Mitigating Risks in M&A: The Importance of Due Diligence and Documentation
Overvaluation can lead to post-merger financial strain. Incompatible cultures can cause a decline in company morale, while increased complexity can overwhelm leadership abilities. These are a few of the many risks companies face as they engage in the M&A...
Overvaluation can lead to post-merger financial strain. Incompatible cultures can cause a decline in company morale, while increased complexity can overwhelm leadership abilities. These are a few of the many risks companies face as they engage in the M&A process.
Prioritizing due diligence is critical in mitigating these risks because it pulls back the curtain to identify all potential risks. It ensures a company’s capabilities are properly understood and that expectations are aligned.
The importance of sell-side due diligence
Buy-side due diligence, which is carried out by the company pursuing an acquisition, is a standard part of the M&A process. It involves analyzing financial data, evaluating business models, and other steps aimed at developing a complete understanding of the company’s potential.
Sell-side due diligence is just as important but often undervalued. It’s a common misconception that merely opening books for buyer inspection is sufficient when, in reality, the failure to conduct comprehensive sell-side due diligence often results in prolonged transaction deals, eroded buyer confidence, and potentially diminished valuations.
In today’s dynamic business landscape, sell-side due diligence is a de-risking strategy that serves as a pre-market health check-up for the business. The proactive process enables the selling company to identify and resolve potential issues before the buyer discovery phase.
Key elements of sell-side due diligence
Effective sell-side due diligence requires the company to give meticulous attention to financial statements. Buyers will thoroughly examine financial histories to assess earning consistency and explicability. Sell-side due diligence allows companies to identify significant fluctuations in earnings and develop defensible explanations, preventing unnecessary doubts or delays.
A customer base analysis is another key component of sell-side due diligence. In today’s volatile market, a narrow customer concentration is considered a risk. A customer base analysis can reveal the need to diversify the customer portfolio and provide data that demonstrates the strength and longevity of existing relationships.
Human capital should also be carefully considered as part of the due diligence process. The team that will be acquired with the business constitutes a critical asset, especially in service-oriented businesses. Companies that can show a high likelihood of key employee retention post-acquisition through robust retention plans or agreements can effectively mitigate buyer concerns about critical talent.
As companies have become more dependent on digital technologies, cybersecurity has emerged as a critical focus of due diligence.
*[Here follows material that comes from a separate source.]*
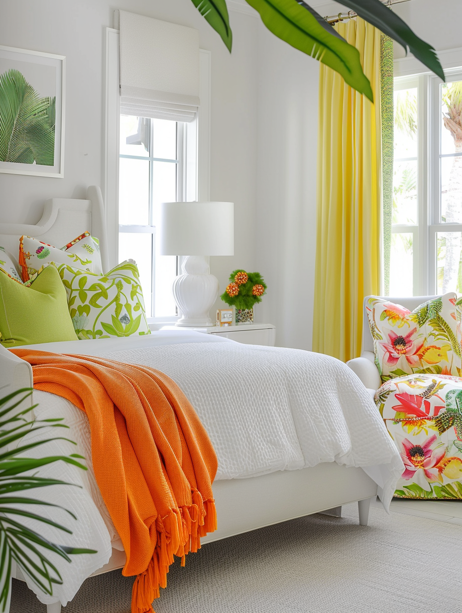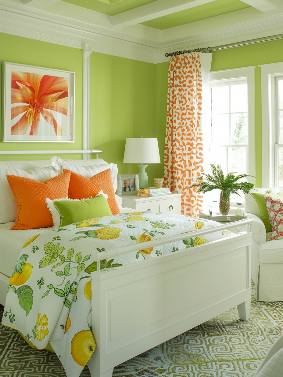 The citrus colorway that ranges from lemon yellow, lime green, and tangerine orange is what will be able to create an energized look in your bedroom. These lively color tones are great for accent walls, bedding, and decorative items. Contrast these with the white or neutral furniture to create that bold, yet balanced, and well-put-together look. This palette is great for bringing an energetic and exhilarating air to the room.

Companies should be able to show how they address the cyber threat landscape, especially if they rely on remote work models. The scope of due diligence should extend beyond current controls to show how the company’s cybersecurity strategies address evolving threats.
Environmental, social, and governance (ESG) issues are another emerging business concern that should be addressed during due diligence. Detailing how the target company perceives and addresses ESG issues will help potential buyers identify any challenges with alignment and assess their impact on future value creation.
The role of documentation in the due diligence process
Documentation plays a vital role in the due diligence process, serving as the tangible output of the investigative process conducted during the process. In addition, the documentation resulting from due diligence informs further areas requiring investigation by revealing both the work that has been done and the work that still needs to be done.
The documentation that emerges from due diligence is the foundation for integration planning and risk mitigation strategies. Consequently, incomplete or inaccurate documentation results in blind spots that can significantly impede the M&A process or sabotage the sale. Conceptualizing due diligence as exploration and documentation as the map illustrates their interdependence in successfully navigating the complex terrain of M&A. Insufficient documentation resembles a map lacking landmarks, leading to disorientation.
Companies should strive to create documentation that presents a coherent narrative of their operations, finances, and legal standing. Documents hastily assembled from disparate sources will not accomplish that goal. Vague or inconsistent terminology, process description gaps, and a lack of version control will stand out as red flags.
To ensure a high level of quality, companies should avoid ambiguous assertions in their documentation. Clarity and specificity are paramount, as vague statements can lead to misunderstandings and potential risks.
For example, making a vague assertion about “owning all necessary intellectual property” without providing detailed supporting evidence can be a cause for alarm. Quality documentation should offer clear and detailed information, leaving no room for interpretation.
To get the most out of documentation, companies should see it as an ongoing process rather than a finite event. Companies often invest heavily in creating documentation during the due diligence phase, only to neglect it after the merger has occurred.
By taking a more dynamic approach and engaging with documentation, companies gain a valuable tool for navigating integration challenges, market shifts, and emerging risks. Successful companies prioritize the development of comprehensive documentation during the M&A process, viewing it as a living repository of knowledge that will serve them in the transition phase and beyond.